WebRTC API 之 Media Capture

Abstract

Media Capture

Authors

Walter Fan

Status

WIP as draft

Updated

2024-08-21

Overview

WebRTC(Web 实时通信)是一种技术,它使 Web 应用程序和站点能够捕获和可选地流式传输音频和/或视频媒体,以及在不需要中介的情况下在浏览器之间交换任意数据。 包含 WebRTC 的一组标准使得共享数据和执行点对点电话会议成为可能,而无需用户安装插件或任何其他第三方软件。

WebRTC 有多种用途;它们与 Media Capture 和 Streams API 一起为 Web 提供强大的多媒体功能,包括支持音频和视频会议、文件交换、屏幕共享、身份管理以及与传统电话系统的接口,包括支持发送 DTMF(按键拨号)信号。可以在不需要任何特殊驱动程序或插件的情况下建立对等点之间的连接,并且通常可以在没有任何中间服务器的情况下建立。

WebRTC 所提供的 API 可分为如下三大类

  1. Media Capture and Streams API

媒体流捕获相关的 API

媒体流可以由任意数量的媒体信息轨道组成;轨道由基于 MediaStreamTrack 接口的对象表示,可能包含多种类型的媒体数据之一,包括音频、视频和文本(例如字幕甚至章节名称)。大多数流至少包含一个音频轨道,可能还有一个视频轨道,可用于发送和接收实时媒体或存储的媒体信息(例如流媒体电影)。

  1. RTCPeerConnection

两个对等点之间的连接由 RTCPeerConnection 接口表示。一旦使用 RTCPeerConnection 建立并打开连接,就可以将媒体流 (MediaStreams) 和/或数据通道 (RTCDataChannels) 添加到连接中。

  1. RTCDataChannel

您还可以使用两个对等点之间的连接,使用 RTCDataChannel 接口交换任意二进制数据。
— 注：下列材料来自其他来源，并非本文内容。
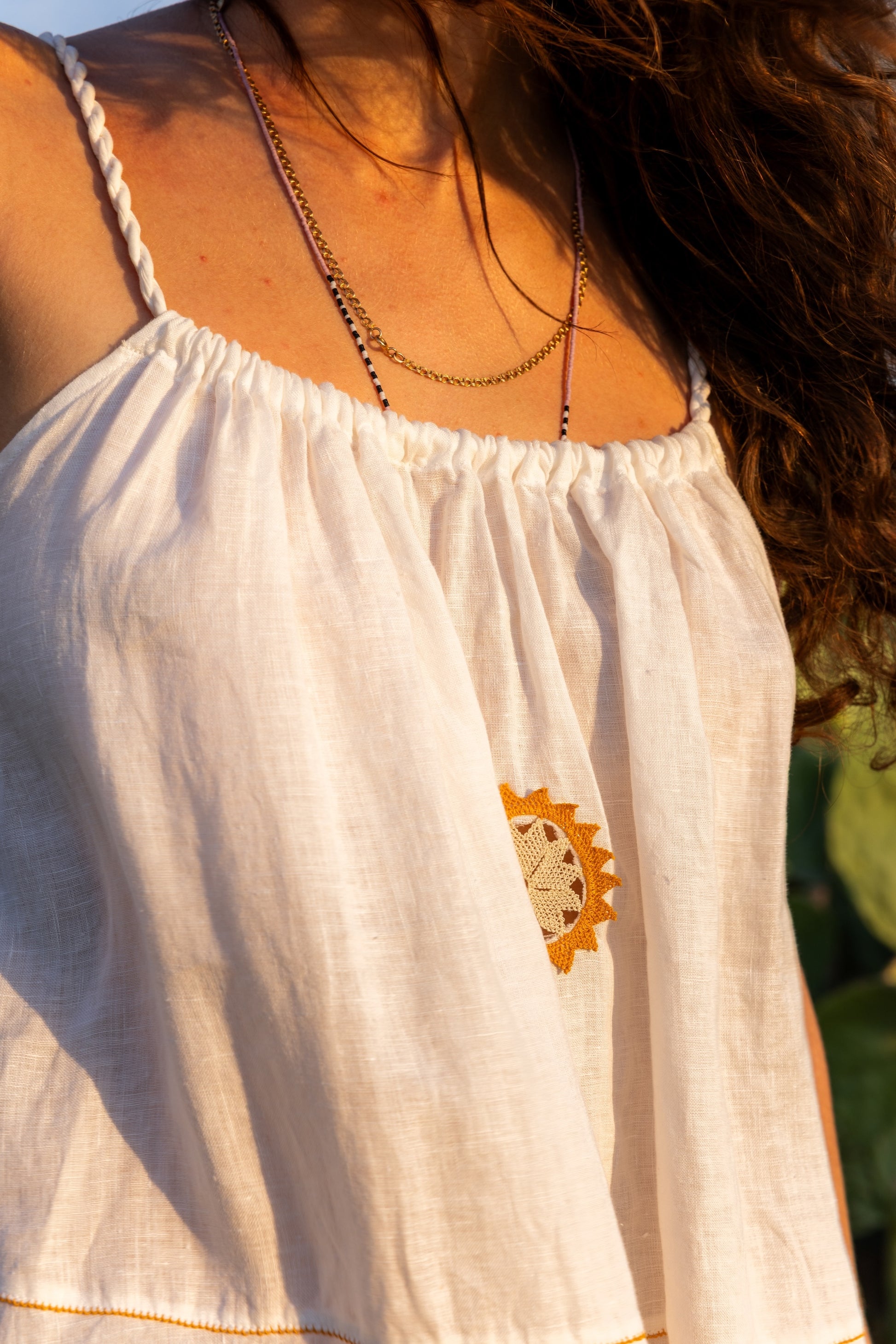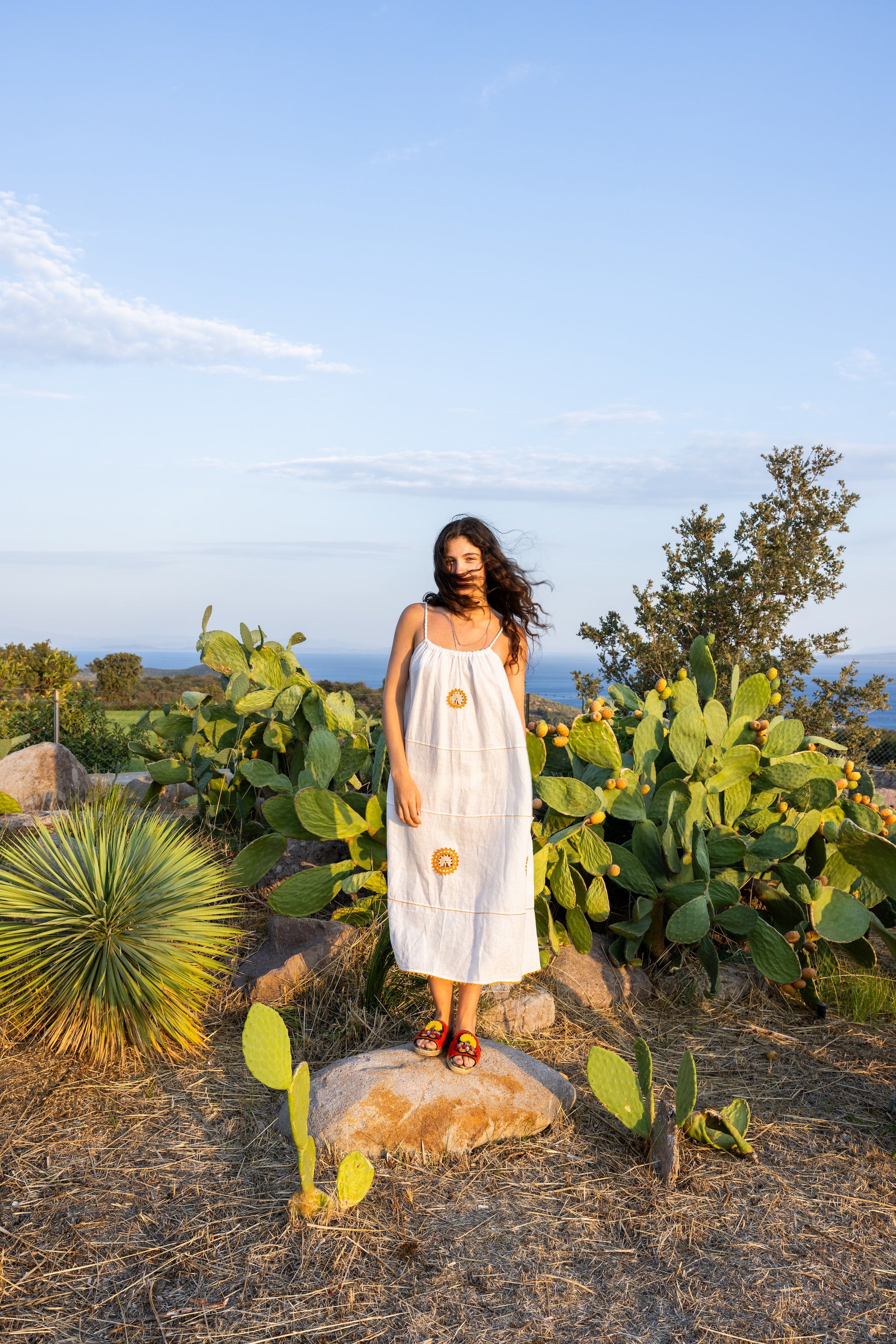 The airy sundress “Daphne” is cut from swathes of 100% lightweight linen, and falls to a tiered floaty hem. The neckline can be softly ruffled and adjusted to your liking with artfully braided straps. The strap length is adjustable so we didn't see the urge to make sizes.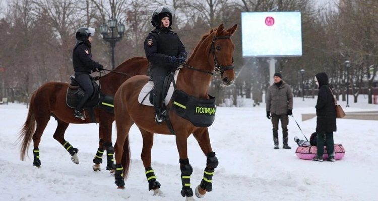 В связи с этим сотрудники полиции приняли нестандартное решение — для патрулирования отдельных участков города были задействованы конные наряды. В условиях, где проезд служебных автомобилей затруднён, охрану общественного порядка обеспечивает кавалерийский взвод отдельной роты 9-го полка патрульно-постовой службы полиции УМВД России по городу Ростову-на-Дону.
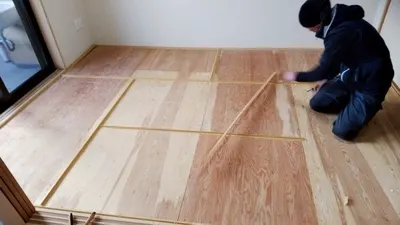 きたろう畳を綺麗に撤去し、床板の清掃を済ませ花たたみHAL(12㎜厚)を納める前に厚みの調整として2㎜厚のベニヤ板を敷きビス留めします。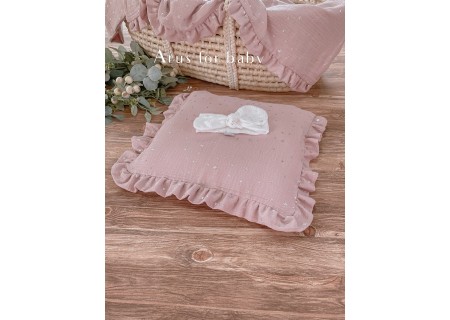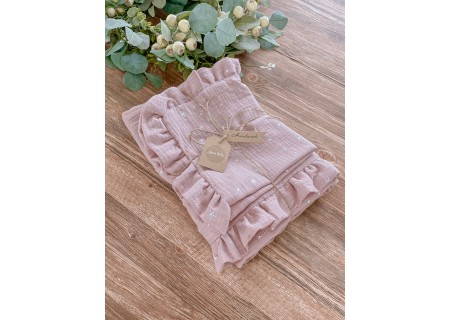Komplet pościeli muślinowej z nowej kolekcji Premium Eco Muslin w rozmiarze 120x90. Poszewka na poduszkę w rozmiarze 60x40 z trzech stron obszyta falbanką, na jednej ze stron znajduje się kryty zamek. Poszewka na Kołderkę posiada od góry wszytą falbankę.Dodatkowa poszewka na poduszkę 40x40.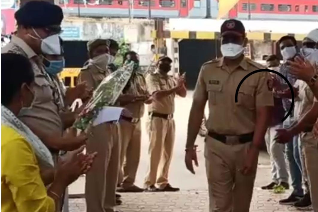 भुसावळ येथील पोलीसO कर्मचारी मालेगाव येथे बंदोबस्त कामी गेले असता दुर्दैवाने कोरोनाग्रस्त झाले , उपचार व आत्मविश्वास यामुळे कोरोनावर मात करून सुखरूप परतले , पोलीस निरीक्षक दिलीप भागवत यांच्या सह सर्व कर्मचाऱ्यांनी टाळ्यांच्या गजरात व पुष्पवर्षाव करून स्वागत करून त्यांचे मनोबल वाढविले.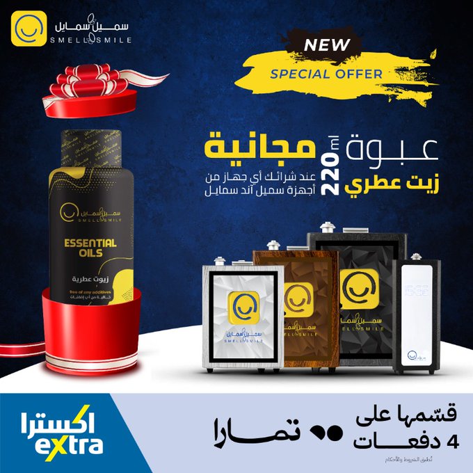 Exclusively for the website.. Receive an essential oil refill with your purchase of any Smile & Smile diffusers! عرض اكسترا حصريا للموقع الإلكتروني.. احصل على عبوة زيت عطري عند شرائك أي أجهزة تعطير سميل آند سمايل! للطلب من خلال الرابط التالي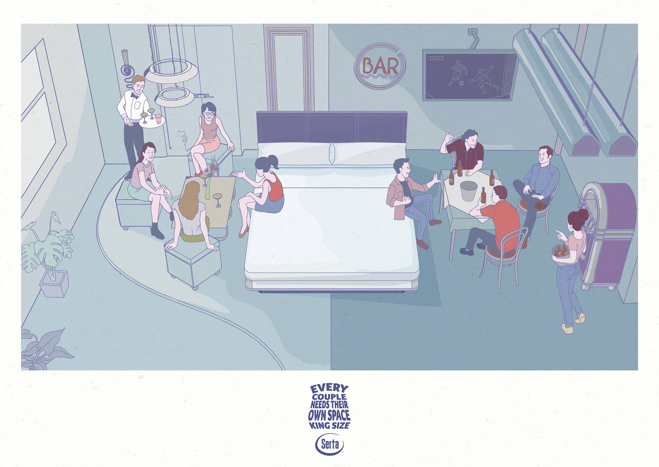 This professional campaign titled 'Serta Lounge - Bar' was published in Honduras in May, 2017. It was created for the brand: Serta, by ad agency: Saatchi & Saatchi. This Print medium campaign is related to the House, Garden industry and contains 1 media asset. It was submitted over 8 years ago.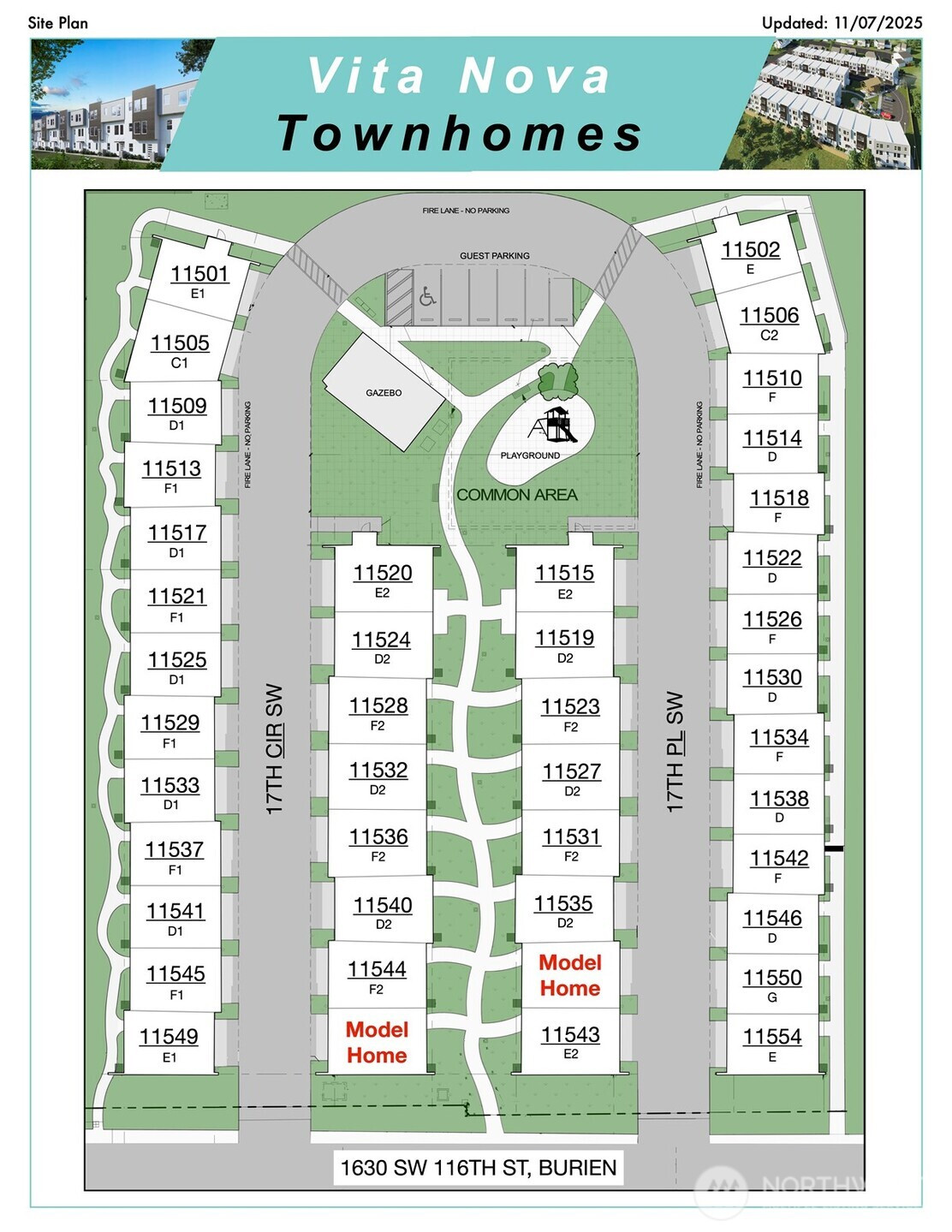 Vita Nova Townhomes in Shorewood showcases collaboration, creativity & craftsmanship. Developed by American Dream Home Group & built by TP Home, this 43-townhomes community blends modern comfort, timeless design & everyday function. Each home offers 3-4 Beds, 2.5 Baths, approx. 1,626 to 1,977 SqFt, 2-Car Garage, covered deck. Interiors feature porcelain tile, durable LVP, quartz counters & custom cabinets. Innovative layouts maximize light, storage & overall flow. Community amenities include an upcoming private playground + gazebo w/benches, 5 guest parking + handicap spot. Minutes to Fauntleroy Ferry & Lincoln Park, & est. 15 min drive to SeaTac Airport & Westfield Southcenter. GPS: 1630 SW 116th St, Burien. 1-Yr Home Warranty provided.
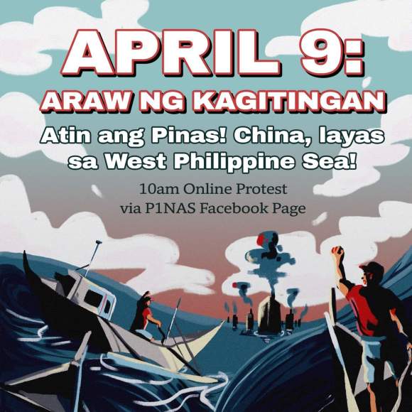 The pubmat is from P1nas (with a numeral 1 instead of i), which is spearheading a multimedia protest against the illegal incursions by China on the West Philippine Sea today April 9 Day of Valor in the Philippines

这可用于反向通道信息、元数据交换、游戏状态数据包、文件传输,甚至可用作数据传输的主要通道。

enumerateDevices

与媒体捕获和播放有关的设备有输入和输出设备之分

  1. 输入

  • video_input: Camera

  • audio_input: Mic

  1. 输出

  • audio_output: Speaker or headset

接口原型为

[Exposed=Window, SecureContext]
interface MediaDevices : EventTarget {
    attribute EventHandler ondevicechange;
    Promise<sequence<MediaDeviceInfo>> enumerateDevices();
};

[Exposed=Window, SecureContext]
interface MediaDeviceInfo {
    readonly attribute DOMString deviceId;
    readonly attribute MediaDeviceKind kind;
    readonly attribute DOMString label;
    readonly attribute DOMString groupId;
    [Default] object toJSON();
};

enum MediaDeviceKind {
    "audioinput",
    "audiooutput",
    "videoinput"
};

GUM-getUserMedia

接口原型为

partial interface MediaDevices {
    MediaTrackSupportedConstraints getSupportedConstraints();
    Promise<MediaStream> getUserMedia(optional MediaStreamConstraints constraints = {});
};

输入参数为 MediaStreamConstraints

dictionary MediaStreamConstraints {
    (boolean or MediaTrackConstraints) video = false;
    (boolean or MediaTrackConstraints) audio = false;
};

dictionary MediaTrackConstraints : MediaTrackConstraintSet {
    sequence<MediaTrackConstraintSet> advanced;
};

dictionary MediaTrackConstraintSet {
    ConstrainULong width;  //视频帧高度
    ConstrainULong height; //视频帧宽度
    ConstrainDouble aspectRatio;
    ConstrainDouble frameRate;
    ConstrainDOMString facingMode;
    ConstrainDOMString resizeMode;
    ConstrainULong sampleRate;
    ConstrainULong sampleSize;
    ConstrainBoolean echoCancellation;
    ConstrainBoolean autoGainControl;
    ConstrainBoolean noiseSuppression;
    ConstrainDouble latency;
    ConstrainULong channelCount;
    ConstrainDOMString deviceId;
    ConstrainDOMString groupId;
};

返回值是一个 Promise, 成功执行后返回 MediaStream

[Exposed=Window]
interface MediaStream : EventTarget {
    constructor();
    constructor(MediaStream stream);
    constructor(sequence<MediaStreamTrack> tracks);
    readonly attribute DOMString id;
    sequence<MediaStreamTrack> getAudioTracks();
    sequence<MediaStreamTrack> getVideoTracks();
    sequence<MediaStreamTrack> getTracks();
    MediaStreamTrack? getTrackById(DOMString trackId);
    undefined addTrack(MediaStreamTrack track);
    undefined removeTrack(MediaStreamTrack track);
    MediaStream clone();
    readonly attribute boolean active;
    attribute EventHandler onaddtrack;
    attribute EventHandler onremovetrack;
};

The MediaStreamTrack object represents media of a single type that originates from one media source in the User Agent, e.g. video produced by a web camera. A MediaStream is used to group several MediaStreamTrack objects into one unit that can be recorded or rendered in a media element.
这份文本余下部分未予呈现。